= GOAL OF THE EXERCISE =
Drop the pictures and restate the rest of the listing word for word.

= RAW DATA =
┌────────

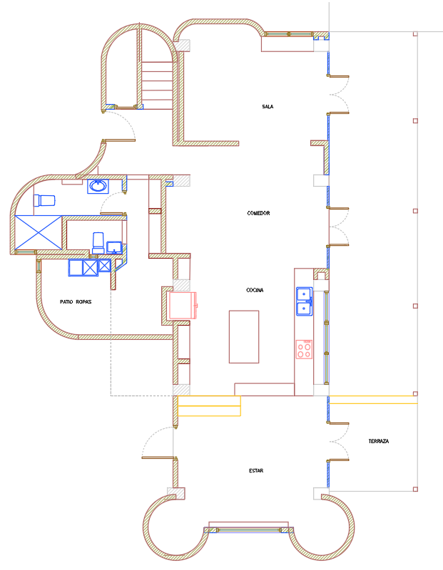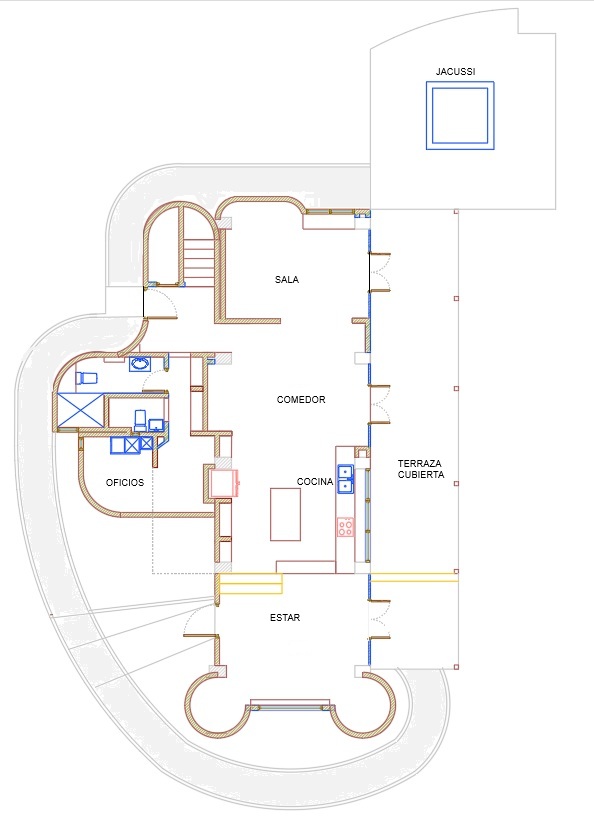 Cuenta con un gran salón alargado donde se encuentra una sala de estar que puede convertirse en un cuarto adicional, empata con una cocina abierta con isla central y vista sobre el valle, comedor auxiliar y remata en una sala de estar con unas volutas simétricas que se enmarcan en la fachada. Todos estos ambientes o espacios colindan con una terraza cubierta como ampliación de los mismos.
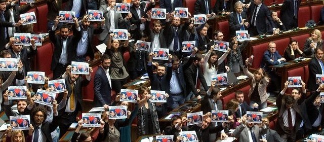 “Basta. Non ci stiamo. E abbiamo protestato in aula in modo chirurgico, su temi specifici e concreti come l’Irap per i piccolissimi imprenditori, i favori ai signori del gioco d’azzardo e la mortificazione della nuova filiera del pellet”. Lo fanno notare i deputati M5S in merito alla movimentata giornata in aula sulla legge di Stabilità. “Si è votato alla cieca, in fretta e furia, nottetempo e su testi sbagliati. Con i servizi studi delle Camere che mettono in dubbio tutte le coperture. In questi giorni, in queste ore – aggiungono – abbiamo visto cose inaccettabili, cose inenarrabili, cose mai viste nella storia parlamentare recente”. “Il governo calpesta la dignità del Parlamento per aumentare le tasse di almeno 23-25 miliardi tra stangate effettive e tagliole quasi inevitabili nel prossimo futuro. Il M5S ha proposto modifiche costruttive per il lavoro e gli investimenti, ma Renzi e i suoi prediligono mance e marchette a favore delle solite clientele e delle lobby che infestano i palazzi della politica”, chiude il Gruppo del MoVimento 5 Stelle Camera.
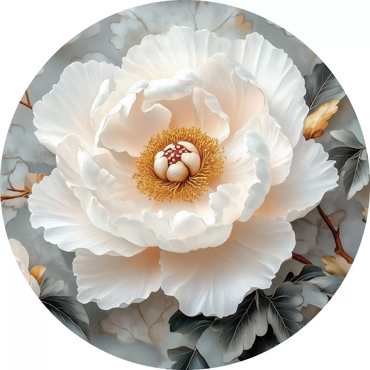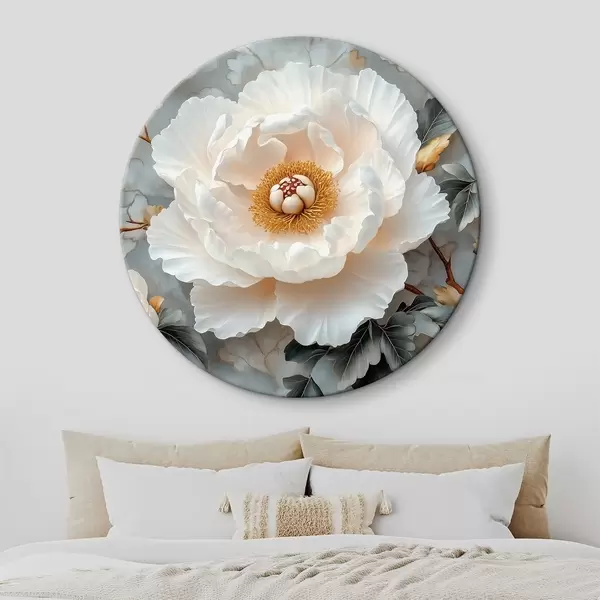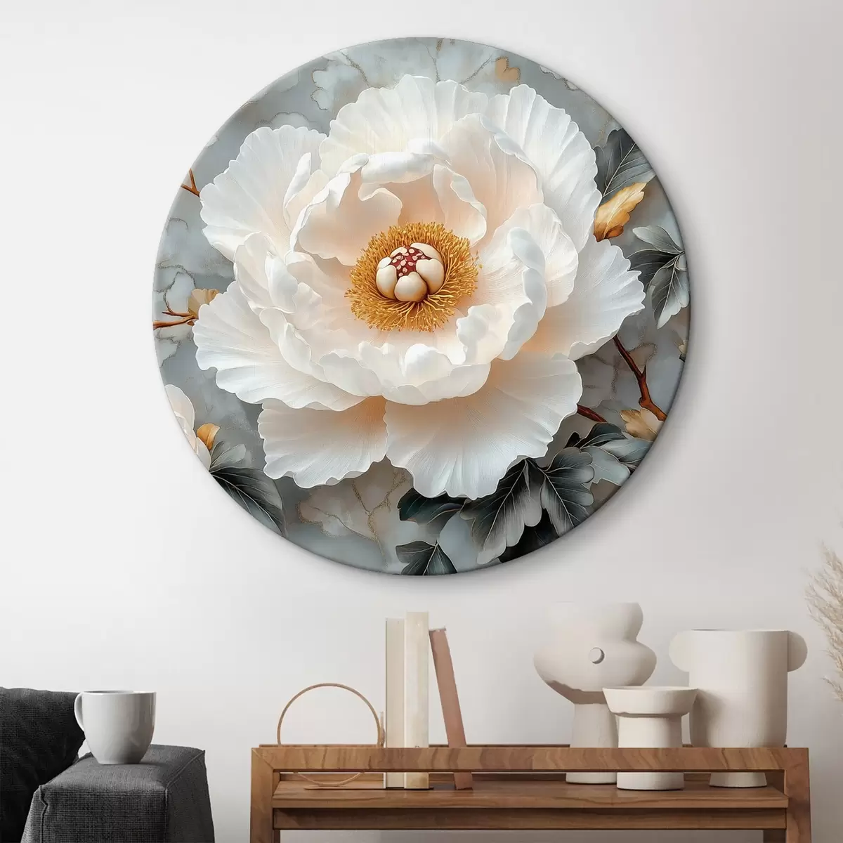 Cuadros redondos Preciosa peonía sobre un fondo de hojas y pequeñas peonías r43315

└────────

= ANSWER SPACE =
 Cuenta con un gran salón alargado donde se encuentra una sala de estar que puede convertirse en un cuarto adicional, empata con una cocina abierta con isla central y vista sobre el valle, comedor auxiliar y remata en una sala de estar con unas volutas simétricas que se enmarcan en la fachada. Todos estos ambientes o espacios colindan con una terraza cubierta como ampliación de los mismos.
 “Basta. Non ci stiamo. E abbiamo protestato in aula in modo chirurgico, su temi specifici e concreti come l’Irap per i piccolissimi imprenditori, i favori ai signori del gioco d’azzardo e la mortificazione della nuova filiera del pellet”. Lo fanno notare i deputati M5S in merito alla movimentata giornata in aula sulla legge di Stabilità. “Si è votato alla cieca, in fretta e furia, nottetempo e su testi sbagliati. Con i servizi studi delle Camere che mettono in dubbio tutte le coperture. In questi giorni, in queste ore – aggiungono – abbiamo visto cose inaccettabili, cose inenarrabili, cose mai viste nella storia parlamentare recente”. “Il governo calpesta la dignità del Parlamento per aumentare le tasse di almeno 23-25 miliardi tra stangate effettive e tagliole quasi inevitabili nel prossimo futuro. Il M5S ha proposto modifiche costruttive per il lavoro e gli investimenti, ma Renzi e i suoi prediligono mance e marchette a favore delle solite clientele e delle lobby che infestano i palazzi della politica”, chiude il Gruppo del MoVimento 5 Stelle Camera.
 Cuadros redondos Preciosa peonía sobre un fondo de hojas y pequeñas peonías r43315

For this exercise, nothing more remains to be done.